# Dashboard air vents



## suffolkian (Jul 25, 2007)

We have a 2008 Fiat based Kon Tiki. On our very fist trip out last September the 'thumb slider' on the nearside dashboard air vent split in half and fell off. Not a major inconvenience.

On Wednesday the m/h went in for it's first low mileage (5114) warranty service. I advised them of the need to look at/repair/replace the offending part at the time of booking the service..

When we went to collect it we were told that it hadn't been repaired as it was broken ("....no one repairs things these days") and would need a complete new vent.

They said the cost was about £23 + VAT. I said I did want it sorted in whatever fashion was appropriate, but surely they weren't expecting me to pay for the replacement. I was then told that the air vent was considered to be 'trim' and therefore not covered under the conditions of the Fiat warranty. I asked them to get this confirmed by Fiat before I went any further.

Surely something that actually has a physical function and is an integral part of the construction of a vehicle cannot be classes as mere trim, or can it? What about door handles, seats, horn etc.... are they trim?

I don't know if the garage or Fiat are behind this, in my opinion, ridiculous decision to class the air vent as a trim item.

No response from the garage yet, I'll let you know the outcome when it's settled.


----------



## Pudsey_Bear (Sep 25, 2008)

Everyone is looking for ways of saving money understandably, they could have argued that it was a substantial part and that you were ham fisted too, but they went for the not covered option to avoid aggro, but it should not have fallen apart just yet.

Stick to your guns, make em av it.

Kev.


----------



## javea (Jun 8, 2007)

As has been said before, warranty is something manufacturers give with their vehicles but this does not override your statutory rights. The item supplied must be 'fit for purpose' and clearly if it breaks that soon it is not.

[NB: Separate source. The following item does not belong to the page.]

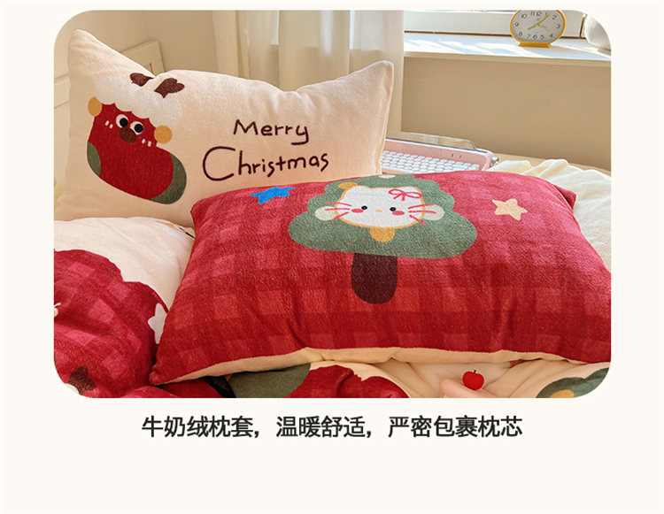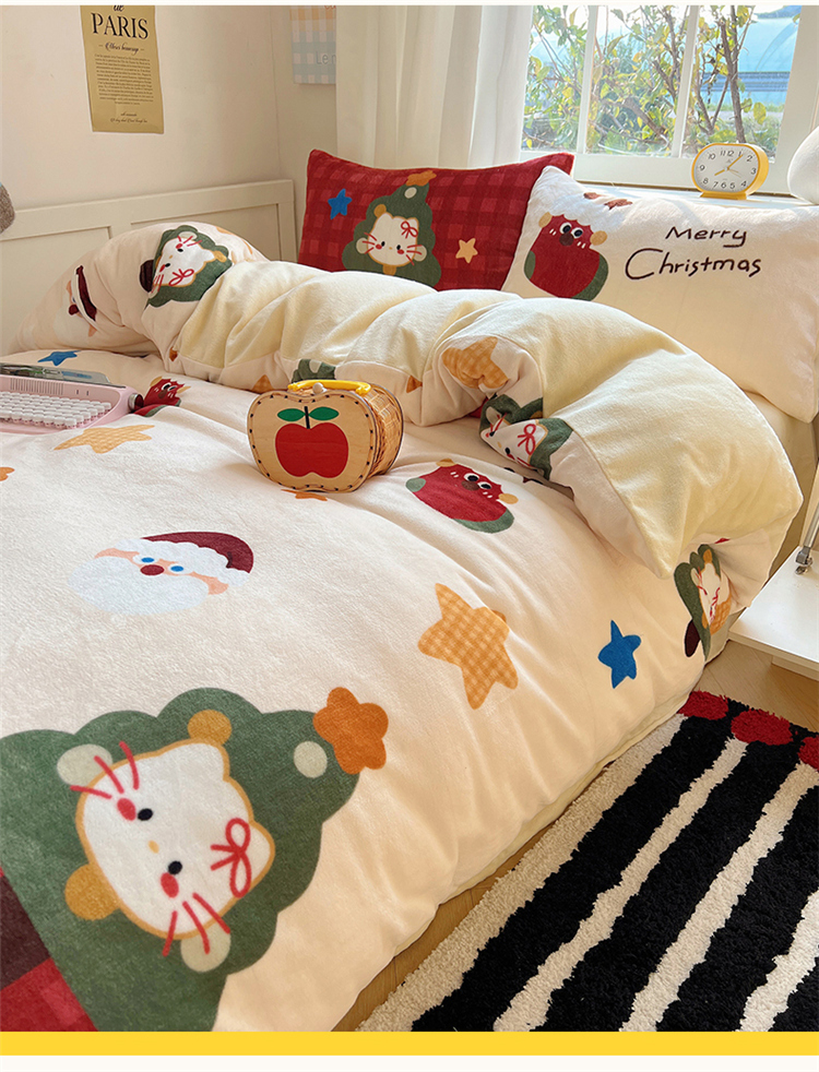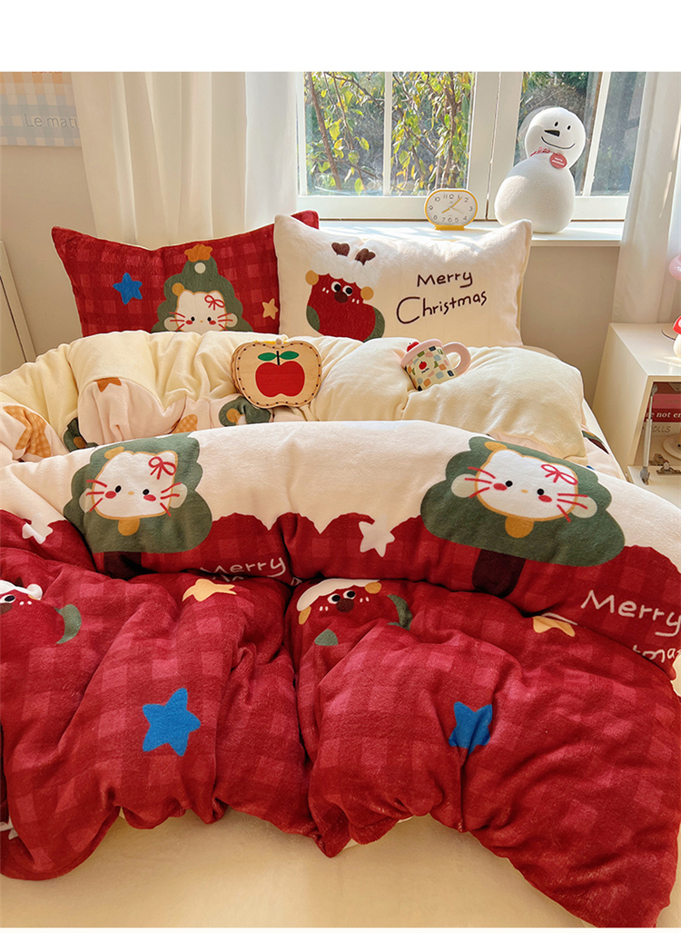 2025新款A类数码印花圣诞新年限定款猫咪小熊加厚牛奶绒系列四件套 绒-圣诞猫咪

My Fiat based Hymer is 2 years old and all the vents work perfectly, proving that yours was defective. Stick to your guns - you have every right to a free replacement.


----------



## suffolkian (Jul 25, 2007)

Thanks Javea03730.

I have sent you a pm on another matter not related to motorhomes


----------



## camoyboy (May 9, 2005)

Hi Suffolkian,
we too have had a broken vent slider since picking up the MH. I expected it to be fixed at the first service (which is another story) but i had the same response as you had. I am still trying to get it sorted, this is the only fault I have with the vehicle so I am not getting too excited.
You didn't go to Desira at Diss by any chance?
Colin


----------



## suffolkian (Jul 25, 2007)

Hi Colin
Spooky!!! 8O 8O 8O Yes we did go to Desira @ Diss
and exactly the same, it has been the only fault with our m/h - so not over excited by it, just annoyed at their unprofessional attitude.

We actually used them for our previous motorhome, and felt their service was fine - so used them again for the kon tiki. 

In truth, both with the initial service quote (which we have since halved) and with their customer service on the day, we are now less than impressed, and can't see us using them again once this is sorted. 

Steve & Ian


----------



## satis (May 5, 2008)

Hi Suffolkian,I have 3 sliders fall apart on my fiat within the 1st week of delivery !!! W  hen i mentioned it to the supplying dealer they said it was a fiat warranty problem,They are in pieces in my cup holder,They are of poor design and i will probably have fix them myself,After all they have had my money,Apart from this defect,My x250 has been fine,Kind regards and good luck Satis


----------